In this new feature, the following works are expected

~~Update the notebook~~ Create a new notebook with the TF Serving prototype based on both gRPC(Ref) and RestAPI(Ref).
~~Update the notebook~~ Update the newly created notebook to check the %%timeit on the TF Serving server locally.
Build/Commit docker image based on TF Serving base image using this method.
Deploy the built docker image on GKE cluster
Check the deployed model's performance with a various scenarios (maybe the same ones applied to ONNX+FastAPI scenarios)
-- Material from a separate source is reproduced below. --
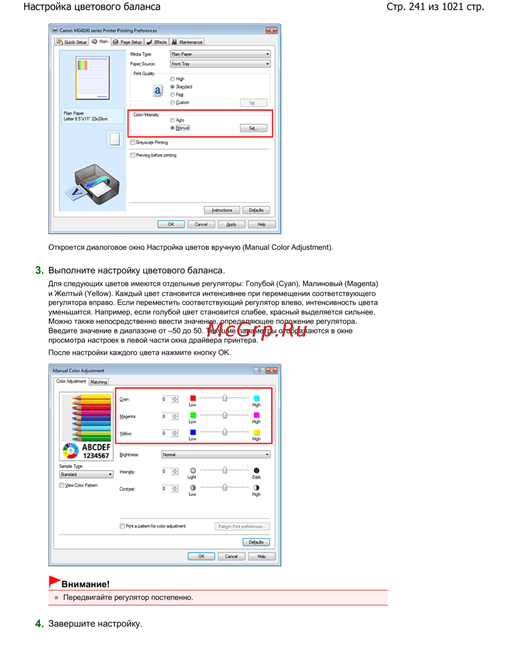 Canon Pixma MG4140 — настройка цветового баланса: ручные корректировки цветов [241/1021]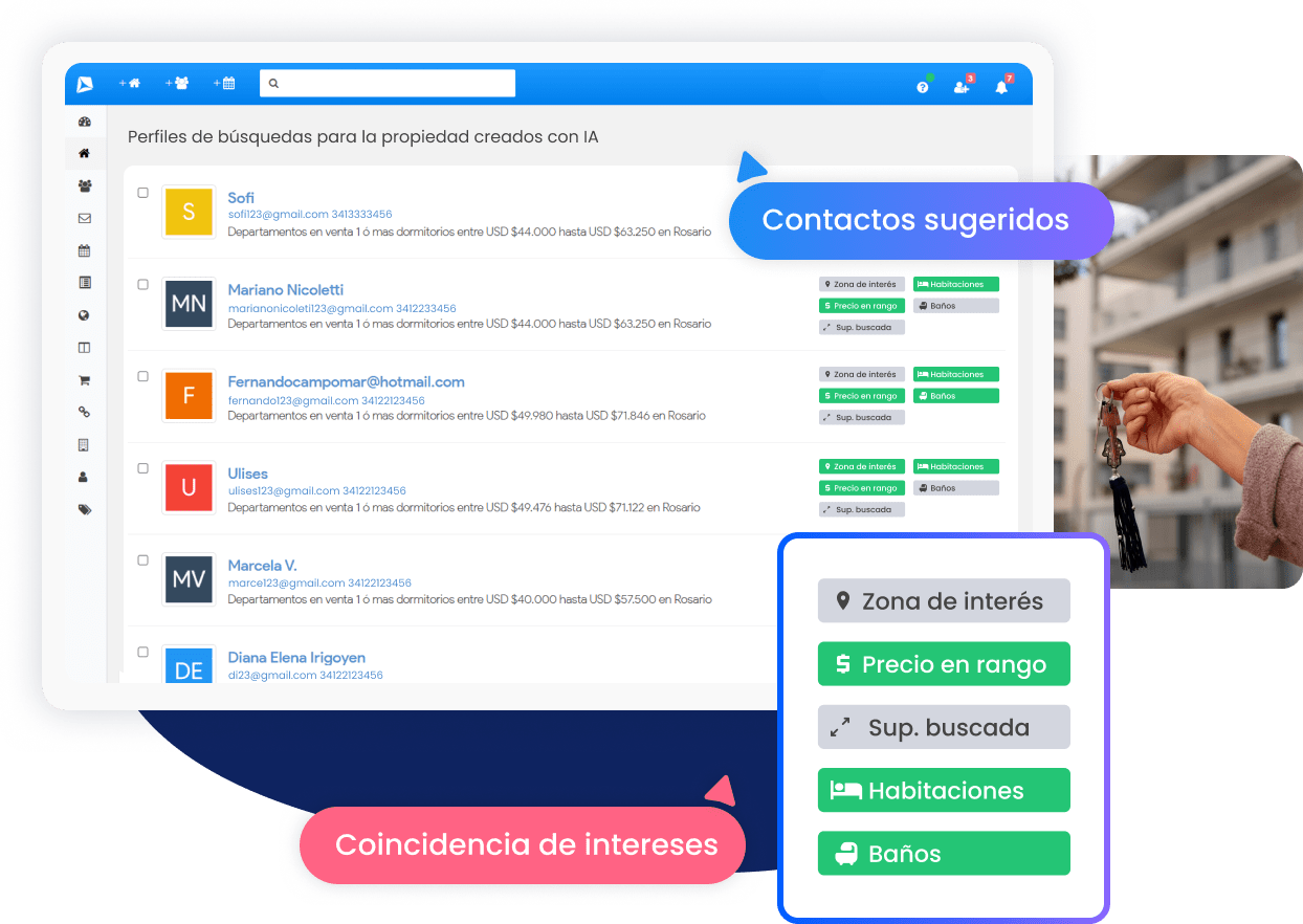 KiteProp analiza y combina toda la información del sistema y construye perfiles de búsqueda en base a los intereses del contacto. Cuando consultan sobre una determinada propiedad, se genera un perfil de busqueda con esos valores dentro de un umbral de precio máximo y mínimo, y un área de búsqueda extendida. Al generarse estas coincidencias, aumentan las oportunidades de venta.

sayakpaul commented 2 years ago

@deep-diver I think we should create a separate notebook for TF-serving.

Deploy the built docker image on GKE cluster

Would be great to automate it using GitHub Actions to follow the theme of this repository.

Check the deployed model's performance with a various scenarios (maybe the same ones applied to ONNX+FastAPI scenarios)

100% agreed.

deep-diver commented 2 years ago

@sayakpaul

I think we should create a separate notebook for TF-serving.

You think so? Let me create a new notebook, and let's see what's better after that then :)

Would be great to automate it using GitHub Actions to follow the theme of this repository.

Yeah I totally agree. I will probably create a new Github Action yaml for this one.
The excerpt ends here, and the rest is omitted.